*** Opening of Data excerpt ***
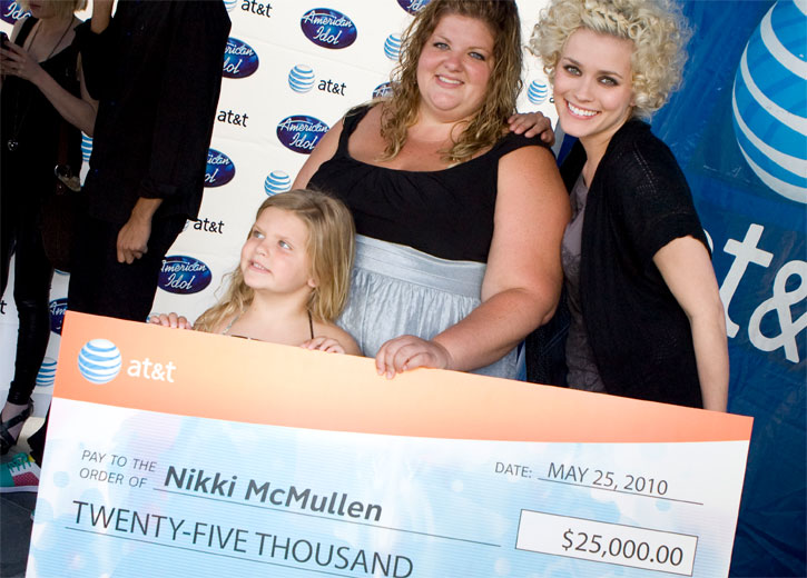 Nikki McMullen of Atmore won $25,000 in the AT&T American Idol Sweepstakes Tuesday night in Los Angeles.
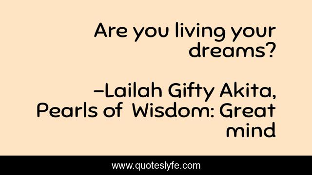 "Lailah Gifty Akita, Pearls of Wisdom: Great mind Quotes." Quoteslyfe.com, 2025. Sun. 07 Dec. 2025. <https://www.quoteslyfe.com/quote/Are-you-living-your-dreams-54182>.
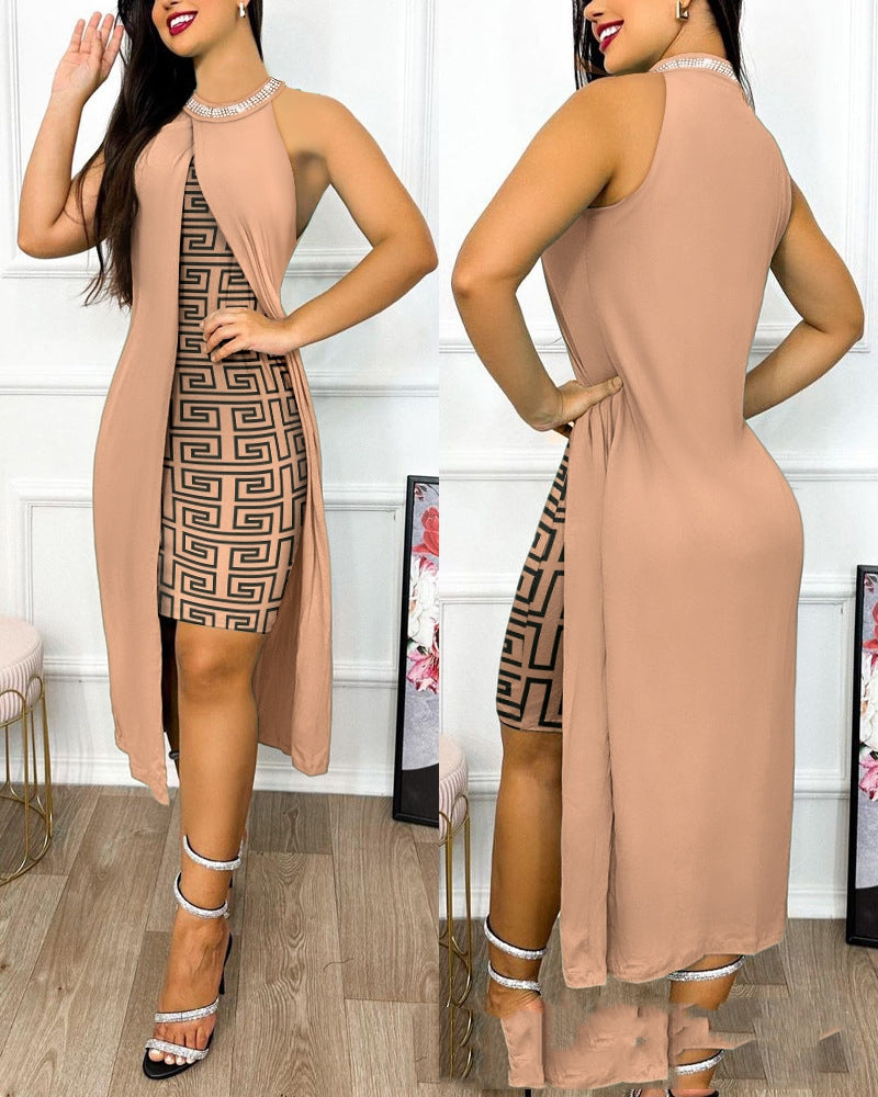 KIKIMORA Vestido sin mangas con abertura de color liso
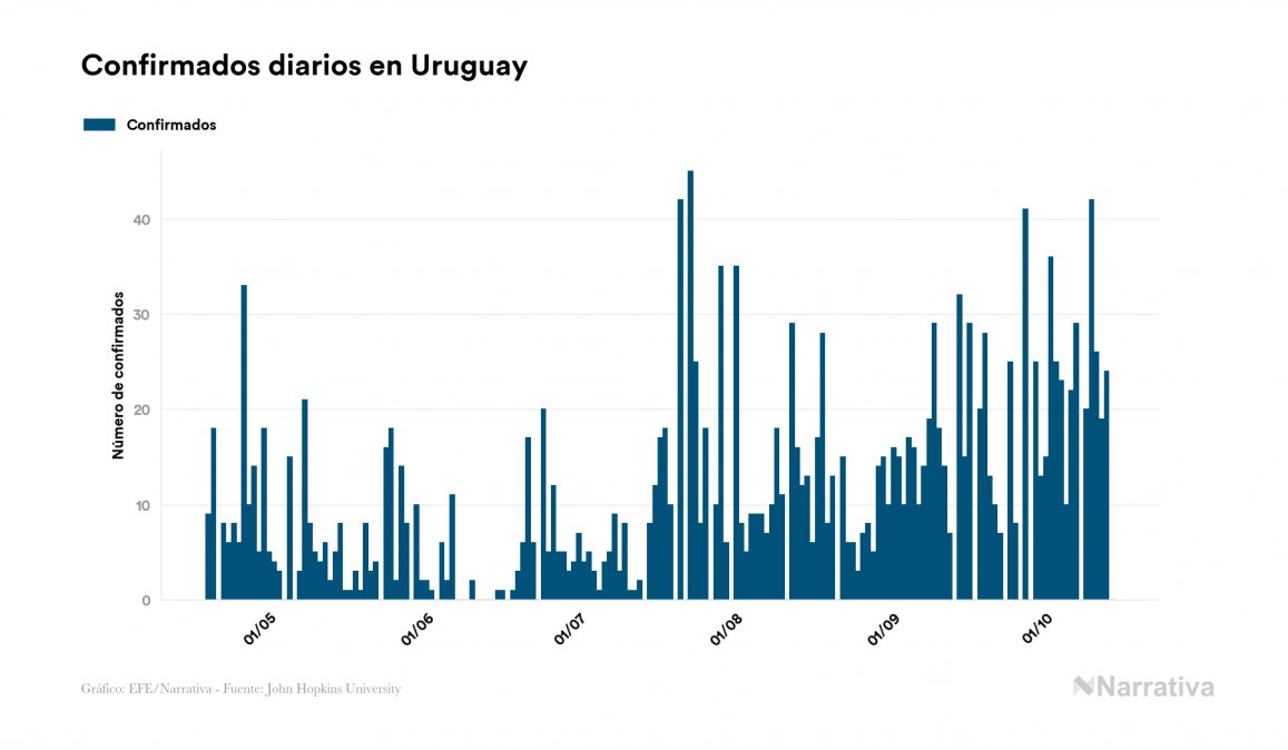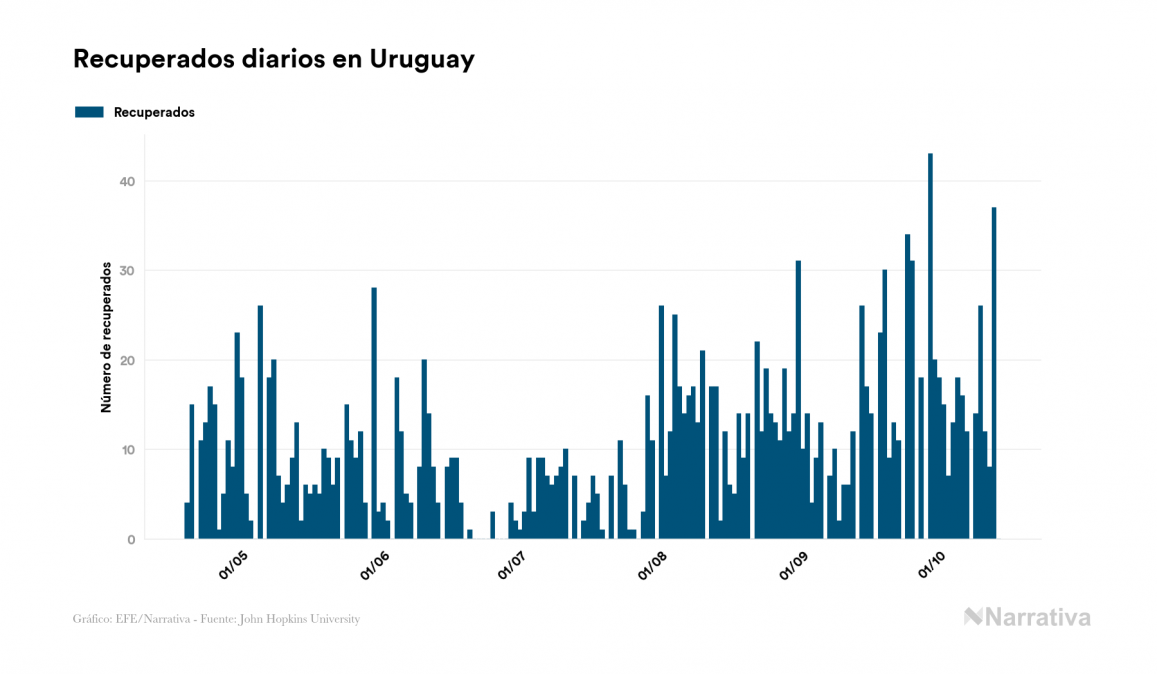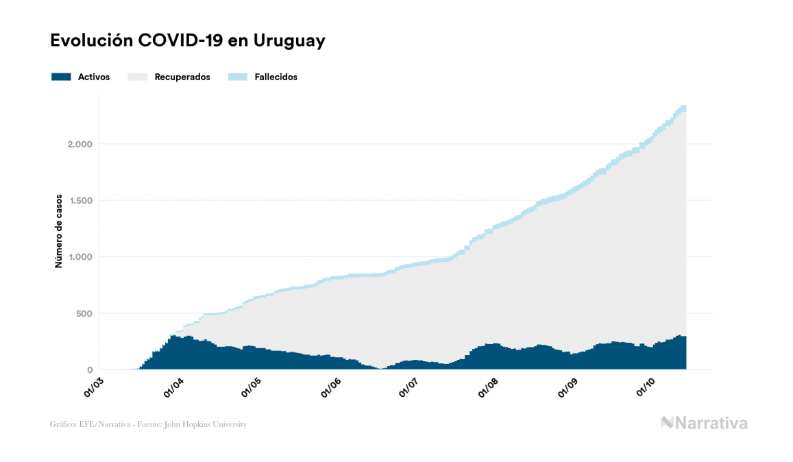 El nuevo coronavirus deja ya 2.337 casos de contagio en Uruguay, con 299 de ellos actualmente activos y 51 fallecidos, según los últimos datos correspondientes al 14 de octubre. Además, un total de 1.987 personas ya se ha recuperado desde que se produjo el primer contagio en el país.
*** Close of Data excerpt ***
Goal of the exercise:
Once the pictures are set aside, give the rest of the material again unchanged.

Result of this exercise:
 Nikki McMullen of Atmore won $25,000 in the AT&T American Idol Sweepstakes Tuesday night in Los Angeles.
 "Lailah Gifty Akita, Pearls of Wisdom: Great mind Quotes." Quoteslyfe.com, 2025. Sun. 07 Dec. 2025. <https://www.quoteslyfe.com/quote/Are-you-living-your-dreams-54182>.
 KIKIMORA Vestido sin mangas con abertura de color liso
 El nuevo coronavirus deja ya 2.337 casos de contagio en Uruguay, con 299 de ellos actualmente activos y 51 fallecidos, según los últimos datos correspondientes al 14 de octubre. Además, un total de 1.987 personas ya se ha recuperado desde que se produjo el primer contagio en el país.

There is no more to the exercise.